Шаг влево, поворот. Четыре пары глаз сверлят во мне дыру, еще чуть – и задымлюсь. Взлетают широкие юбки, пенясь кружевом. У крайнего справа ворот плаща расшит птичьими перьями. Зимородки – мастера иллюзий. Вот кто их прикрывал! А что он делает сейчас?

– Это радует. Почти. Торопишься. Раз-два, поворот…

– О, так ты о ритме? – усмехается она. – Прости.

– И о ритме тоже. Есть еще приятные новости?

Застывшее лицо Терновника, волчьи взгляды, ало-золотое пятно… Пальцы размыкаются, мои ладони ложатся ей на талию, ее – мне на плечи. Она смеется, откинув назад голову, и кончики длинных волос щекочут мне пальцы. Щеки порозовели; круглится, просясь в ладони, высокая грудь; алеют влажные губы… Второе замужество ей на пользу – дивно расцвела. А второй справа – из Ясеней. Никого из королевского клана – почему? И почему она показывает мне это?

– Ты спешишь, – усмехается она. – Теперь повороты через два шага на третий.

– Точно, забыл…

Если прислушаться – хорошо прислушаться, не ушами, – не зазвучит ли над лугом музыка? В свете полной луны кружились мы когда-то на вершине холма-кэрна, и звезды сыпались вокруг – только успевай загадывать желания.
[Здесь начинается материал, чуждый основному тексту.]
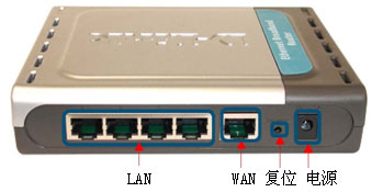 將一條以太網(wǎng)纜線的一端插入DI-504后面板上的WAN端口,另一端插入您的DSL/Cable modem上的以太網(wǎng)端口。DI-504前面板的WAN口的LED指示燈亮,表明操作正確。

Смуглый юноша, сидя на камне, плел для нас мелодию из душистого теплого ветра, пения флейты и лунного света. Ревниво следил серо-зелеными глазами, сияющими ярче падающих звезд, – и реальность танцевала с нами под его флейту, водя безумный хоровод вокруг. Ты помнишь эту музыку, Вереск? Я не силен в гламоре, но мог бы воскресить ее для тебя – каждую ноту.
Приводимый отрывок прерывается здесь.